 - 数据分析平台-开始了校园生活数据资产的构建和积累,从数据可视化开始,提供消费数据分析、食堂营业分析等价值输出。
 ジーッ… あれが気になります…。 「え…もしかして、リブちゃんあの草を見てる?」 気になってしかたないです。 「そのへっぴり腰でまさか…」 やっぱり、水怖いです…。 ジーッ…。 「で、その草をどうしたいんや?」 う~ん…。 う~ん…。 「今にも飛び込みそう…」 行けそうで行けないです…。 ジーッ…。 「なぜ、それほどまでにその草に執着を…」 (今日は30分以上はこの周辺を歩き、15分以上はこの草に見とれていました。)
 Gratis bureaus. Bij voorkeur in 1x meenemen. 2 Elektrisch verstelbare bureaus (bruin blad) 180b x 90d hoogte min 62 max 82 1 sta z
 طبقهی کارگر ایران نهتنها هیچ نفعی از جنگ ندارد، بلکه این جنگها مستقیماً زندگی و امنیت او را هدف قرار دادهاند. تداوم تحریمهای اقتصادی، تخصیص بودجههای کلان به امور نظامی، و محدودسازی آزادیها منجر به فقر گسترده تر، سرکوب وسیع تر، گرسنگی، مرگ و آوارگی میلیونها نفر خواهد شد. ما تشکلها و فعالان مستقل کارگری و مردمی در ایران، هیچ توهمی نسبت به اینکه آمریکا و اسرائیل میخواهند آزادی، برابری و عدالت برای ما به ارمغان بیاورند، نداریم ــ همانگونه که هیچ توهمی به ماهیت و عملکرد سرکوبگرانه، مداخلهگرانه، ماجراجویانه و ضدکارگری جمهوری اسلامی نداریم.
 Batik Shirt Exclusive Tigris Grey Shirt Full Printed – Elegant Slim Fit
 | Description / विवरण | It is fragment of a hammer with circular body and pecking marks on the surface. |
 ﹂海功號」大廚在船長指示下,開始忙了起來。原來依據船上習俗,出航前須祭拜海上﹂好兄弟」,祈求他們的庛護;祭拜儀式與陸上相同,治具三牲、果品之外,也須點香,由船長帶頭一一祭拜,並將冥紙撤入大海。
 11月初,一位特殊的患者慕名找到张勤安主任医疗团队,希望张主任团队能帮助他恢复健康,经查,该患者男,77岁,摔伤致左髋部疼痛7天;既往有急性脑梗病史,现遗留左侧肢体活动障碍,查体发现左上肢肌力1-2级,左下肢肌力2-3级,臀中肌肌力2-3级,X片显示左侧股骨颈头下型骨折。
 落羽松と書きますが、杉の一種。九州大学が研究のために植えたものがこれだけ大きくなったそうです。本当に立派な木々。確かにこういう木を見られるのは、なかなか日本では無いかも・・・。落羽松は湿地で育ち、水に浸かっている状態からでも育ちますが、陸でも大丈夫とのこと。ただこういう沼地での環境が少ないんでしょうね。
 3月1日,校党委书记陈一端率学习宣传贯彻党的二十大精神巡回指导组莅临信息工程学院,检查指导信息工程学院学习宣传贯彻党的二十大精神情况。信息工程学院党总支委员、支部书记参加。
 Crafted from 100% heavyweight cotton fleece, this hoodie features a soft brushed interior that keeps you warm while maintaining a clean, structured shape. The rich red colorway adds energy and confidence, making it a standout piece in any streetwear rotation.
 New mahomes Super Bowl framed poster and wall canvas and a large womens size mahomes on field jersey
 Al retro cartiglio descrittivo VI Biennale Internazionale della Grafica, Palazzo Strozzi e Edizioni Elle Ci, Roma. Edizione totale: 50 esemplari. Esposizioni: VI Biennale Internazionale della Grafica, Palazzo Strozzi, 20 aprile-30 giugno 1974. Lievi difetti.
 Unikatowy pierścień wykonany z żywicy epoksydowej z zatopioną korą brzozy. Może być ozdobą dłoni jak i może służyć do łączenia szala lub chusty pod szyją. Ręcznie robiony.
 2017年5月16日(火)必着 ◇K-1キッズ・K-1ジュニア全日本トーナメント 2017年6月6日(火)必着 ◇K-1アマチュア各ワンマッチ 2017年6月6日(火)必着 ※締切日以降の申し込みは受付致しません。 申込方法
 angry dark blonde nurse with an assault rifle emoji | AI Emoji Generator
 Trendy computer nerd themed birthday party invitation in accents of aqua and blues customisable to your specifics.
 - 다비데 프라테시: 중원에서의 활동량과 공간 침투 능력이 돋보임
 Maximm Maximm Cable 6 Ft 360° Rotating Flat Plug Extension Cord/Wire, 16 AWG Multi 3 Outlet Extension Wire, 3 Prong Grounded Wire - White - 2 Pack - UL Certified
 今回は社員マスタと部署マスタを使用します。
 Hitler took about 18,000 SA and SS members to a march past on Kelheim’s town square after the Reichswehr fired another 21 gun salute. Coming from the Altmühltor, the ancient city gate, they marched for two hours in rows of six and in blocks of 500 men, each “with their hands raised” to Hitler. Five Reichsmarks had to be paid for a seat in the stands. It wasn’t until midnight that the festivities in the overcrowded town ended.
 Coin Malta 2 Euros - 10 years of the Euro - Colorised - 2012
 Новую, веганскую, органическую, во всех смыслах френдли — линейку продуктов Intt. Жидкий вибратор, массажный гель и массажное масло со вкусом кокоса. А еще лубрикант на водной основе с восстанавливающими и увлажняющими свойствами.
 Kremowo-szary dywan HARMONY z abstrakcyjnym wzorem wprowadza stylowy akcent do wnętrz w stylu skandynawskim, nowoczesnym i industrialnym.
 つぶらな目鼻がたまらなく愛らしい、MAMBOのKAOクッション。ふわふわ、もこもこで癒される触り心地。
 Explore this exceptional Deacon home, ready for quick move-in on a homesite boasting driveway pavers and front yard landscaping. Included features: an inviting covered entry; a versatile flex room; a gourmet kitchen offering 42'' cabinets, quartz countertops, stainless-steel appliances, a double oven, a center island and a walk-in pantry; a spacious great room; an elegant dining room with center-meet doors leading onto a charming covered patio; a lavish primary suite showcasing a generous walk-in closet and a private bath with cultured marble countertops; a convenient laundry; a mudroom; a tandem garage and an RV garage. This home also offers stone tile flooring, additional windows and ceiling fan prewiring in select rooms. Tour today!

###

Exercise: Every entry must appear in the answer exactly as written.

Answer section:
 - 数据分析平台-开始了校园生活数据资产的构建和积累,从数据可视化开始,提供消费数据分析、食堂营业分析等价值输出。
 ジーッ… あれが気になります…。 「え…もしかして、リブちゃんあの草を見てる?」 気になってしかたないです。 「そのへっぴり腰でまさか…」 やっぱり、水怖いです…。 ジーッ…。 「で、その草をどうしたいんや?」 う~ん…。 う~ん…。 「今にも飛び込みそう…」 行けそうで行けないです…。 ジーッ…。 「なぜ、それほどまでにその草に執着を…」 (今日は30分以上はこの周辺を歩き、15分以上はこの草に見とれていました。)
 Gratis bureaus. Bij voorkeur in 1x meenemen. 2 Elektrisch verstelbare bureaus (bruin blad) 180b x 90d hoogte min 62 max 82 1 sta z
 طبقهی کارگر ایران نهتنها هیچ نفعی از جنگ ندارد، بلکه این جنگها مستقیماً زندگی و امنیت او را هدف قرار دادهاند. تداوم تحریمهای اقتصادی، تخصیص بودجههای کلان به امور نظامی، و محدودسازی آزادیها منجر به فقر گسترده تر، سرکوب وسیع تر، گرسنگی، مرگ و آوارگی میلیونها نفر خواهد شد. ما تشکلها و فعالان مستقل کارگری و مردمی در ایران، هیچ توهمی نسبت به اینکه آمریکا و اسرائیل میخواهند آزادی، برابری و عدالت برای ما به ارمغان بیاورند، نداریم ــ همانگونه که هیچ توهمی به ماهیت و عملکرد سرکوبگرانه، مداخلهگرانه، ماجراجویانه و ضدکارگری جمهوری اسلامی نداریم.
 Batik Shirt Exclusive Tigris Grey Shirt Full Printed – Elegant Slim Fit
 | Description / विवरण | It is fragment of a hammer with circular body and pecking marks on the surface. |
 ﹂海功號」大廚在船長指示下,開始忙了起來。原來依據船上習俗,出航前須祭拜海上﹂好兄弟」,祈求他們的庛護;祭拜儀式與陸上相同,治具三牲、果品之外,也須點香,由船長帶頭一一祭拜,並將冥紙撤入大海。
 11月初,一位特殊的患者慕名找到张勤安主任医疗团队,希望张主任团队能帮助他恢复健康,经查,该患者男,77岁,摔伤致左髋部疼痛7天;既往有急性脑梗病史,现遗留左侧肢体活动障碍,查体发现左上肢肌力1-2级,左下肢肌力2-3级,臀中肌肌力2-3级,X片显示左侧股骨颈头下型骨折。
 落羽松と書きますが、杉の一種。九州大学が研究のために植えたものがこれだけ大きくなったそうです。本当に立派な木々。確かにこういう木を見られるのは、なかなか日本では無いかも・・・。落羽松は湿地で育ち、水に浸かっている状態からでも育ちますが、陸でも大丈夫とのこと。ただこういう沼地での環境が少ないんでしょうね。
 3月1日,校党委书记陈一端率学习宣传贯彻党的二十大精神巡回指导组莅临信息工程学院,检查指导信息工程学院学习宣传贯彻党的二十大精神情况。信息工程学院党总支委员、支部书记参加。
 Crafted from 100% heavyweight cotton fleece, this hoodie features a soft brushed interior that keeps you warm while maintaining a clean, structured shape. The rich red colorway adds energy and confidence, making it a standout piece in any streetwear rotation.
 New mahomes Super Bowl framed poster and wall canvas and a large womens size mahomes on field jersey
 Al retro cartiglio descrittivo VI Biennale Internazionale della Grafica, Palazzo Strozzi e Edizioni Elle Ci, Roma. Edizione totale: 50 esemplari. Esposizioni: VI Biennale Internazionale della Grafica, Palazzo Strozzi, 20 aprile-30 giugno 1974. Lievi difetti.
 Unikatowy pierścień wykonany z żywicy epoksydowej z zatopioną korą brzozy. Może być ozdobą dłoni jak i może służyć do łączenia szala lub chusty pod szyją. Ręcznie robiony.
 2017年5月16日(火)必着 ◇K-1キッズ・K-1ジュニア全日本トーナメント 2017年6月6日(火)必着 ◇K-1アマチュア各ワンマッチ 2017年6月6日(火)必着 ※締切日以降の申し込みは受付致しません。 申込方法
 angry dark blonde nurse with an assault rifle emoji | AI Emoji Generator
 Trendy computer nerd themed birthday party invitation in accents of aqua and blues customisable to your specifics.
 - 다비데 프라테시: 중원에서의 활동량과 공간 침투 능력이 돋보임
 Maximm Maximm Cable 6 Ft 360° Rotating Flat Plug Extension Cord/Wire, 16 AWG Multi 3 Outlet Extension Wire, 3 Prong Grounded Wire - White - 2 Pack - UL Certified
 今回は社員マスタと部署マスタを使用します。
 Hitler took about 18,000 SA and SS members to a march past on Kelheim’s town square after the Reichswehr fired another 21 gun salute. Coming from the Altmühltor, the ancient city gate, they marched for two hours in rows of six and in blocks of 500 men, each “with their hands raised” to Hitler. Five Reichsmarks had to be paid for a seat in the stands. It wasn’t until midnight that the festivities in the overcrowded town ended.
 Coin Malta 2 Euros - 10 years of the Euro - Colorised - 2012
 Новую, веганскую, органическую, во всех смыслах френдли — линейку продуктов Intt. Жидкий вибратор, массажный гель и массажное масло со вкусом кокоса. А еще лубрикант на водной основе с восстанавливающими и увлажняющими свойствами.
 Kremowo-szary dywan HARMONY z abstrakcyjnym wzorem wprowadza stylowy akcent do wnętrz w stylu skandynawskim, nowoczesnym i industrialnym.
 つぶらな目鼻がたまらなく愛らしい、MAMBOのKAOクッション。ふわふわ、もこもこで癒される触り心地。
 Explore this exceptional Deacon home, ready for quick move-in on a homesite boasting driveway pavers and front yard landscaping. Included features: an inviting covered entry; a versatile flex room; a gourmet kitchen offering 42'' cabinets, quartz countertops, stainless-steel appliances, a double oven, a center island and a walk-in pantry; a spacious great room; an elegant dining room with center-meet doors leading onto a charming covered patio; a lavish primary suite showcasing a generous walk-in closet and a private bath with cultured marble countertops; a convenient laundry; a mudroom; a tandem garage and an RV garage. This home also offers stone tile flooring, additional windows and ceiling fan prewiring in select rooms. Tour today!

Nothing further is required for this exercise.